Aim of the exercise >>
In this exercise, print only the lines of the records below from the one with "Danger Sign Horizontal" through the one with "Simple coloring page", inclusive. Pictures are not part of the copy.

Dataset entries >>

━━━━━━━━━━━━━━━━

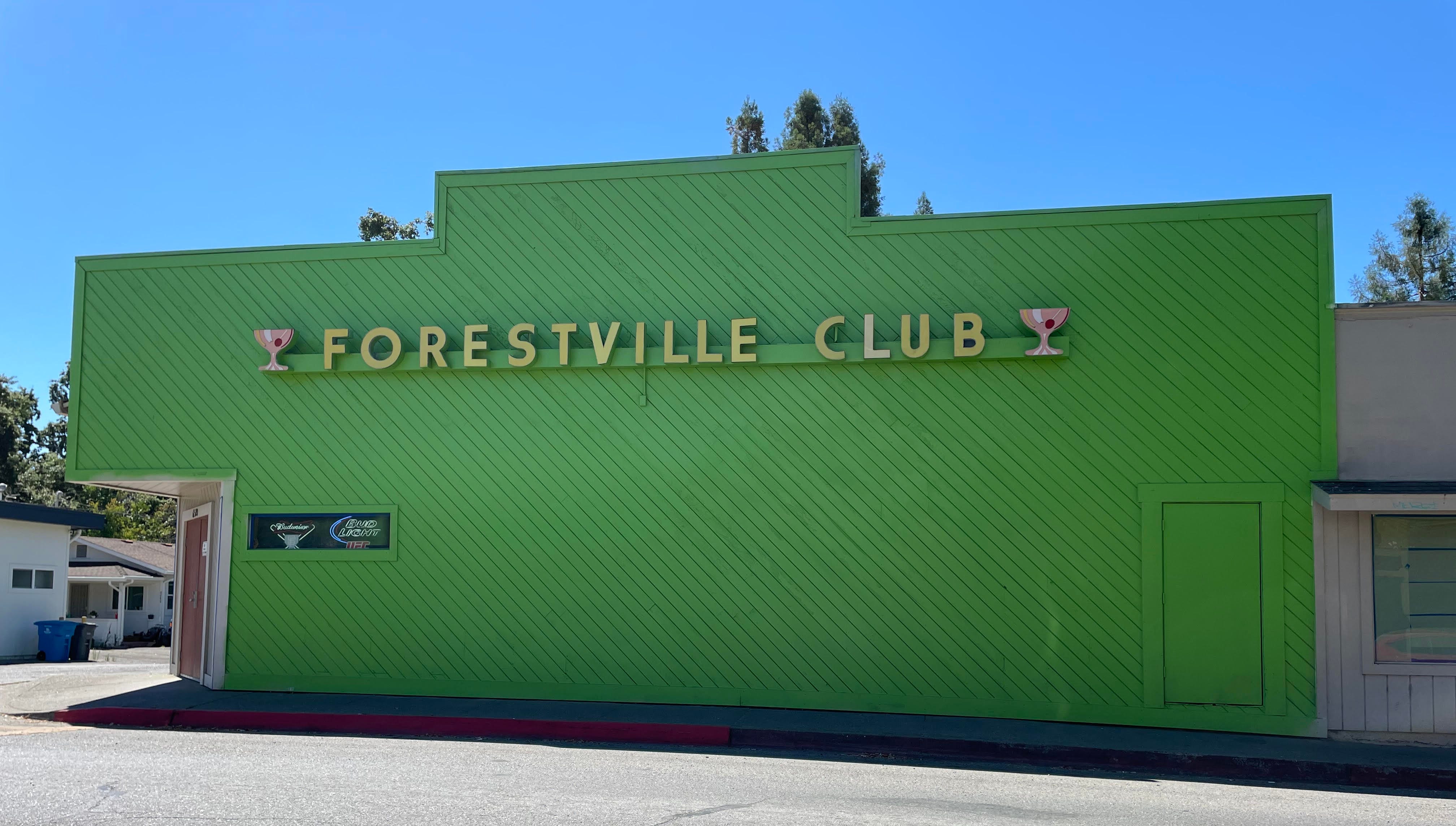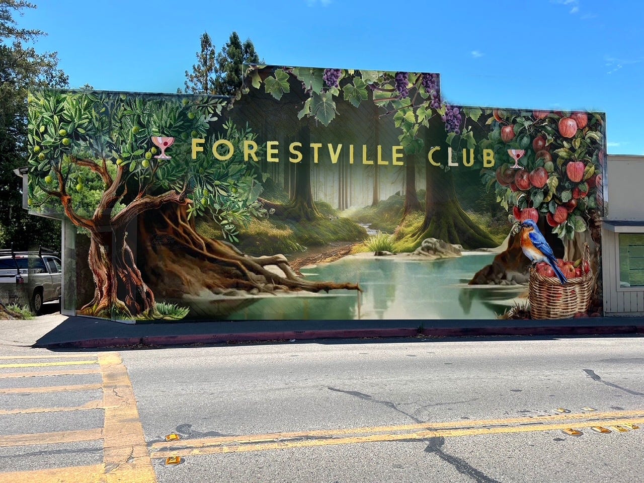 We wouldn’t be surprised if many Forestvillians are scratching their heads over the violent lime green paint job on the Forestville Club at the southern entrance to Forestville’s downtown. It’s not just the color, but the fact that one of the town’s beloved, older murals—a mountain scene—was painted over.
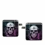 iStyles Apple 61W USB-C Power Adapter Skin design of Skull, Bone, Illustration, Font, Jaw, Fictional character, Graphic design, Graphics, Art, with black, white, gray, purple colors, and tagged with signs, skulls, space, galaxy, geometric, goth, gothic, skull, space.
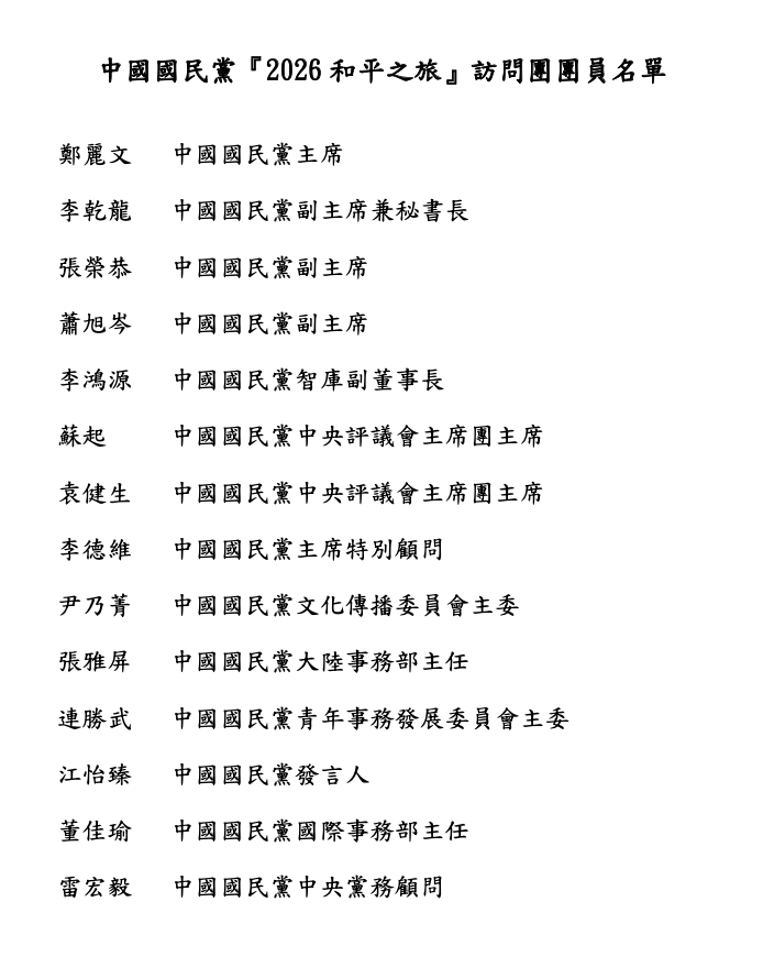 國民黨稍早公布完整隨團13人名單,包括副主席李乾龍、張榮恭、蕭旭岑、智庫副董事長李鴻源、主席特別顧問李德維、中央評議會主席團主席蘇起、袁健生、文化傳播委員會主委尹乃菁、大陸事務部主任張雅屏、青年事務發展委員會主委連勝武、發言人江怡臻、國際事務部主任董佳瑜、中央黨務顧問雷宏毅。
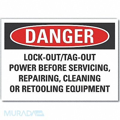 Danger Sign Horizontal Rectangle Number of Printed Sides 1 English Sign Format Traditional OSHA Sign Legend Lock-Out/Tag-Out Power Before Servicing Repairing Cleaning Or Retooling Equipment Sign Legend Background Color White Sign Legend Style Text
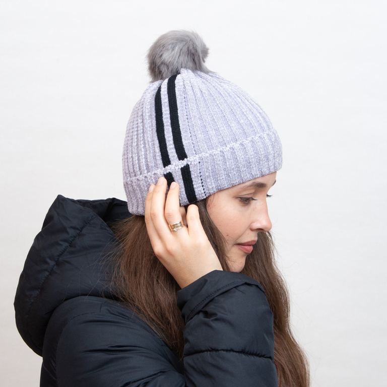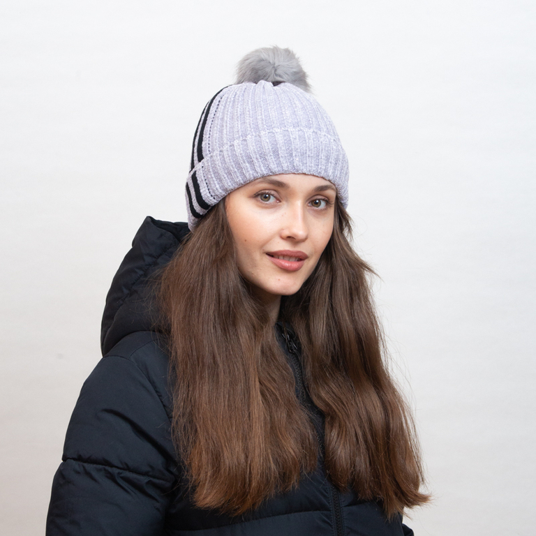 Pilka apšiltinta kepurė su baltomis juostelėmis ir pomponu - Aksesuarai
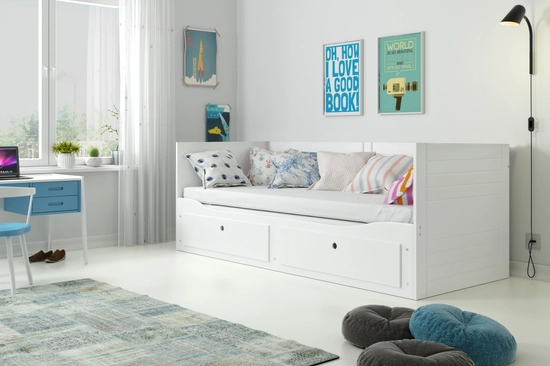 Pat dublu rabatabil pentru tineri HERMES 80X200 cu saltea și sertar, alb
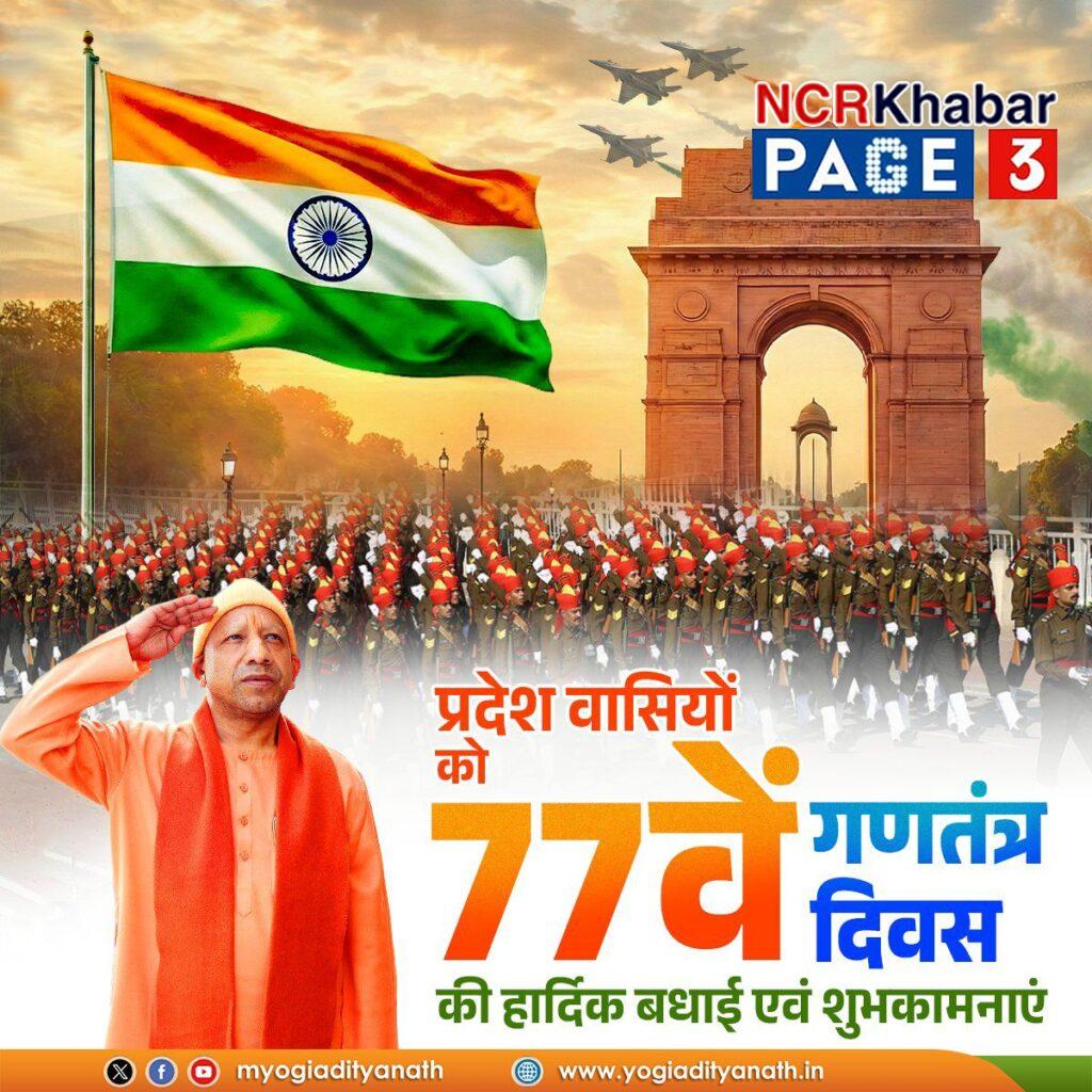 उत्तर प्रदेश के मुख्यमंत्री योगी आदित्यनाथ ने प्रदेश वासियों को 77वें गणतंत्र दिवस की हार्दिक बधाई एवं शुभकामनाएं दी है । उन्होंने कहा कि हम सभी का राष्ट्रप्रेम, कर्तव्यनिष्ठा और विकास के प्रति समर्पण हमारे लोकतंत्र को सशक्त एवं मजबूत बनाता है। आइए, अपने अमर सेनानियों को स्मरण करने के साथ, संविधान के आदर्शों से प्रेरित होकर एक ‘सशक्त, समृद्ध और आत्मनिर्भर भारत’ के निर्माण हेतु संकल्पित हों। जय हिंद!
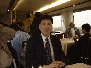 | 食堂車は発車前から行列になるという大パニック。それでも料理は問題なく出てきました。 | 私。出張帰りなのでスーツ姿です。左は西君。 |
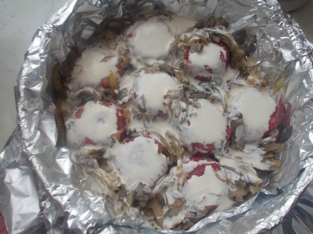 Второй вариант. Котлетки выложить в форму для запекания,или в разьемную с фольгой. Выложить котлетки полить их соусом и отправить в духовку 180С на 20 минут.
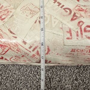 Such an iconic vintage piece from MM6 Margiela featuring a distressed print inspired by fragile stickers. Overall, bag is clean, but does have scuffs and peeling starting to happen at the handles - see photos. Such a cool piece for any collector! Stylish and versatile for any occasion.
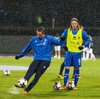 Bæði lið eru núna á fullu í sinni upphitun. Það er gerir hellirigningu eins og staðan er akkúrat núna.
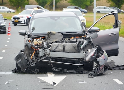 Een auto is dinsdagmiddag zwaar beschadigd geraakt bij een botsing met een vrachtwagen. Dat gebeurde op de IJsselallee in Zwolle, net na de rotonde bij de A28.
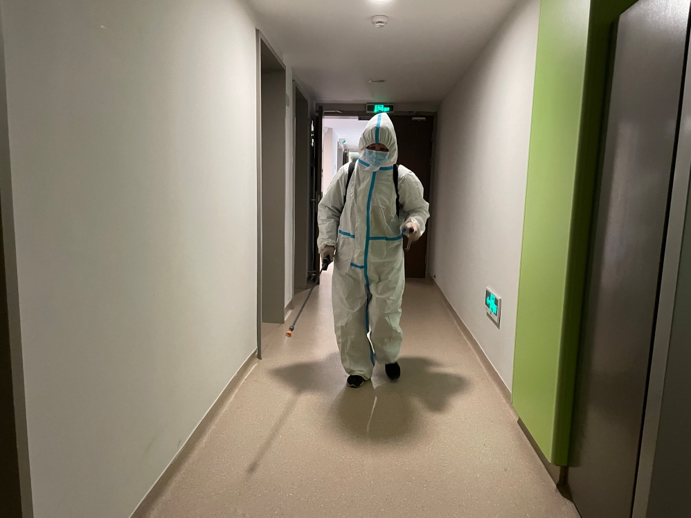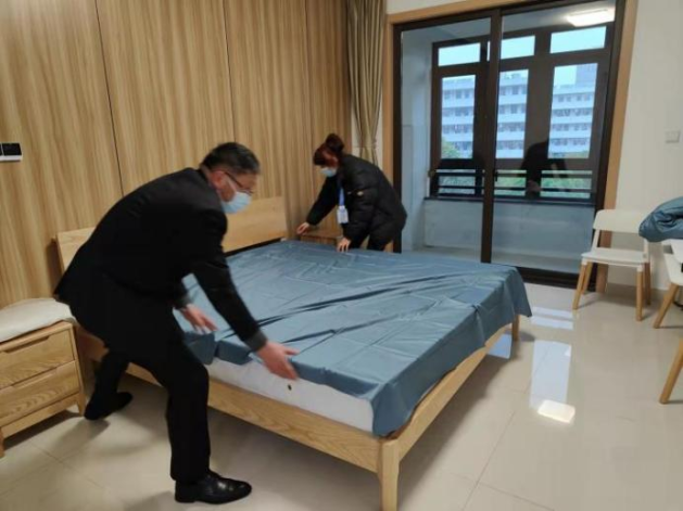 与此同时,项目部还承担起医院300间临时休息客房的保洁工作,垃圾收集、医废处理、环境消杀、物资准备一项不落。这项工作每天早上10点前必须完成,确保凌晨2点出去采样核酸的医生,早上9点回来后能尽快入住。
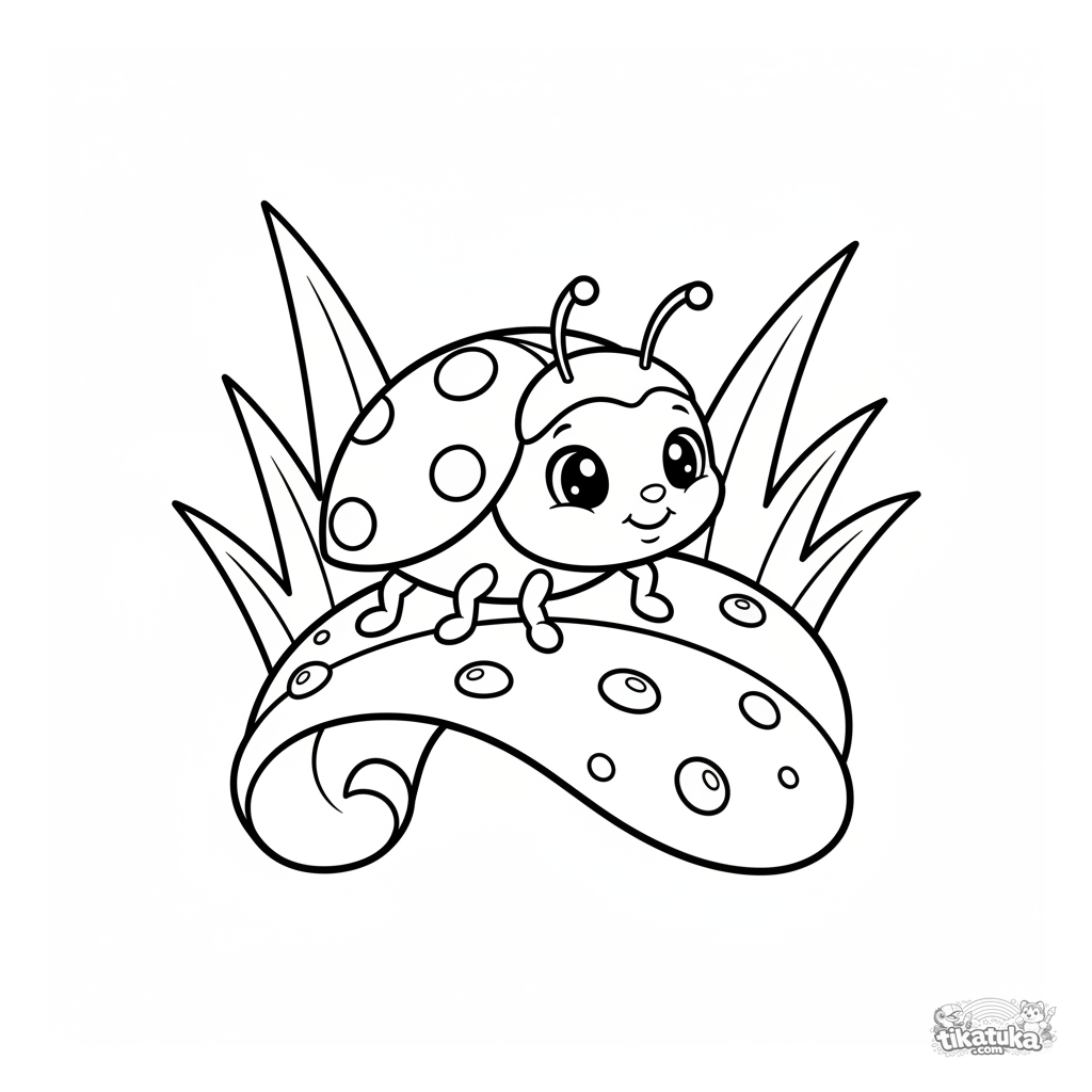 Simple coloring page for toddlers 2-3 years old featuring a ladybug on a leaf. Large shapes, clear outlines, perfect for first coloring skills.
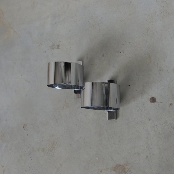 Set aus zwei eleganten Ribon-Wandleuchten in Chrom. Diese Leuchten bieten ein modernes Design und passen perfekt in jedes Interieur. Dank der originalen EU-Verkabelung ohne Erdung sind sie sofort einsatzbereit. Maße: 17 x 14 x 12 cm.
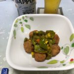 実況中継 Interval 2019/07/28 Fuji 花火見物の合間に肉団子を揚げ、炒めたピーマンと冷凍野菜で黒酢のあんを作る。花火が終わり次第、あんをかけて出来上がり。揚げもののはずなのに、肉団子からは油がしみ出ない。謎だ。
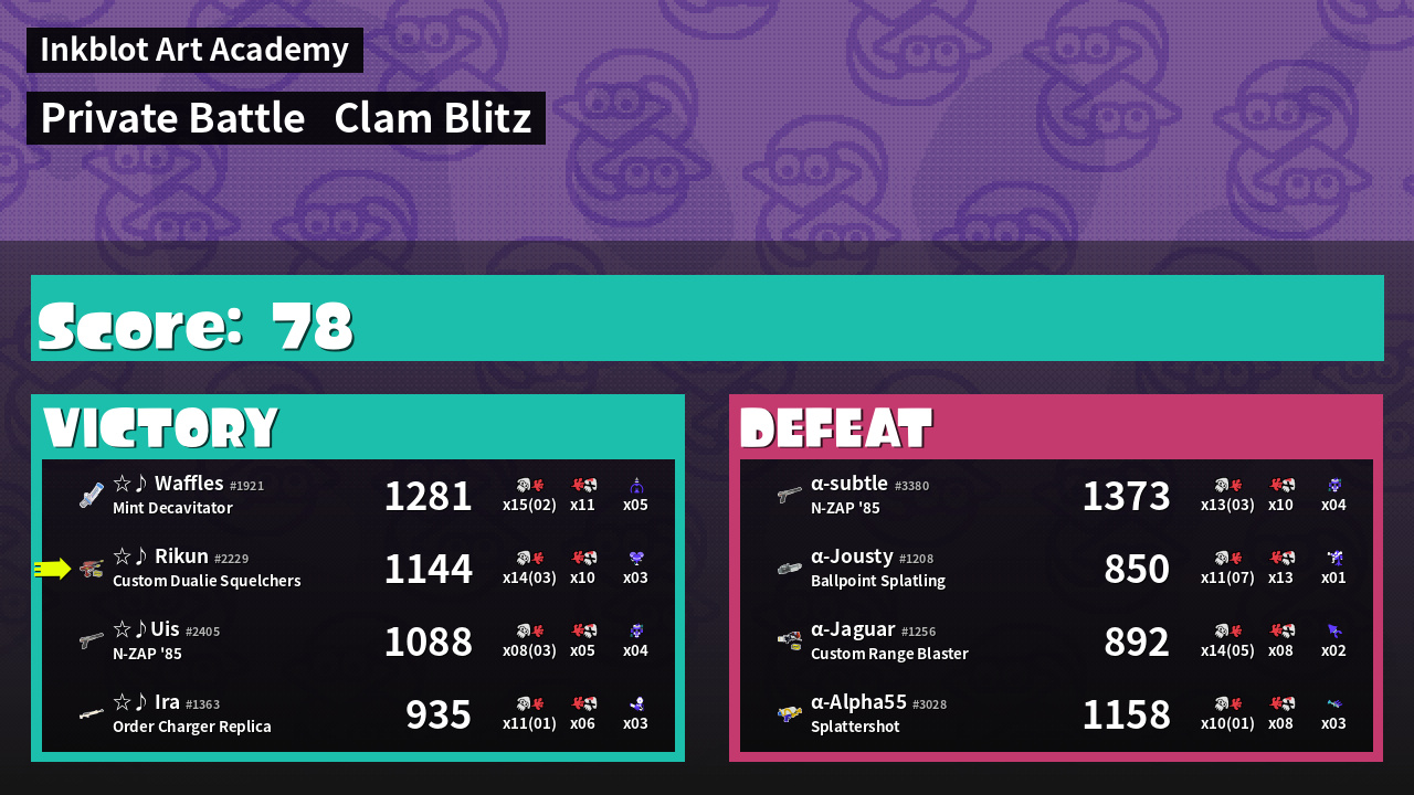 Kills / Deaths | 11 + 3 / 10 > Kill Ratio: 1.10 | ||

━━━━━━━━━━━━━━━━

Task response >>
 Danger Sign Horizontal Rectangle Number of Printed Sides 1 English Sign Format Traditional OSHA Sign Legend Lock-Out/Tag-Out Power Before Servicing Repairing Cleaning Or Retooling Equipment Sign Legend Background Color White Sign Legend Style Text
 Pilka apšiltinta kepurė su baltomis juostelėmis ir pomponu - Aksesuarai
 Pat dublu rabatabil pentru tineri HERMES 80X200 cu saltea și sertar, alb
 उत्तर प्रदेश के मुख्यमंत्री योगी आदित्यनाथ ने प्रदेश वासियों को 77वें गणतंत्र दिवस की हार्दिक बधाई एवं शुभकामनाएं दी है । उन्होंने कहा कि हम सभी का राष्ट्रप्रेम, कर्तव्यनिष्ठा और विकास के प्रति समर्पण हमारे लोकतंत्र को सशक्त एवं मजबूत बनाता है। आइए, अपने अमर सेनानियों को स्मरण करने के साथ, संविधान के आदर्शों से प्रेरित होकर एक ‘सशक्त, समृद्ध और आत्मनिर्भर भारत’ के निर्माण हेतु संकल्पित हों। जय हिंद!
 | 食堂車は発車前から行列になるという大パニック。それでも料理は問題なく出てきました。 | 私。出張帰りなのでスーツ姿です。左は西君。 |
 Второй вариант. Котлетки выложить в форму для запекания,или в разьемную с фольгой. Выложить котлетки полить их соусом и отправить в духовку 180С на 20 минут.
 Such an iconic vintage piece from MM6 Margiela featuring a distressed print inspired by fragile stickers. Overall, bag is clean, but does have scuffs and peeling starting to happen at the handles - see photos. Such a cool piece for any collector! Stylish and versatile for any occasion.
 Bæði lið eru núna á fullu í sinni upphitun. Það er gerir hellirigningu eins og staðan er akkúrat núna.
 Een auto is dinsdagmiddag zwaar beschadigd geraakt bij een botsing met een vrachtwagen. Dat gebeurde op de IJsselallee in Zwolle, net na de rotonde bij de A28.
 与此同时,项目部还承担起医院300间临时休息客房的保洁工作,垃圾收集、医废处理、环境消杀、物资准备一项不落。这项工作每天早上10点前必须完成,确保凌晨2点出去采样核酸的医生,早上9点回来后能尽快入住。
 Simple coloring page for toddlers 2-3 years old featuring a ladybug on a leaf. Large shapes, clear outlines, perfect for first coloring skills.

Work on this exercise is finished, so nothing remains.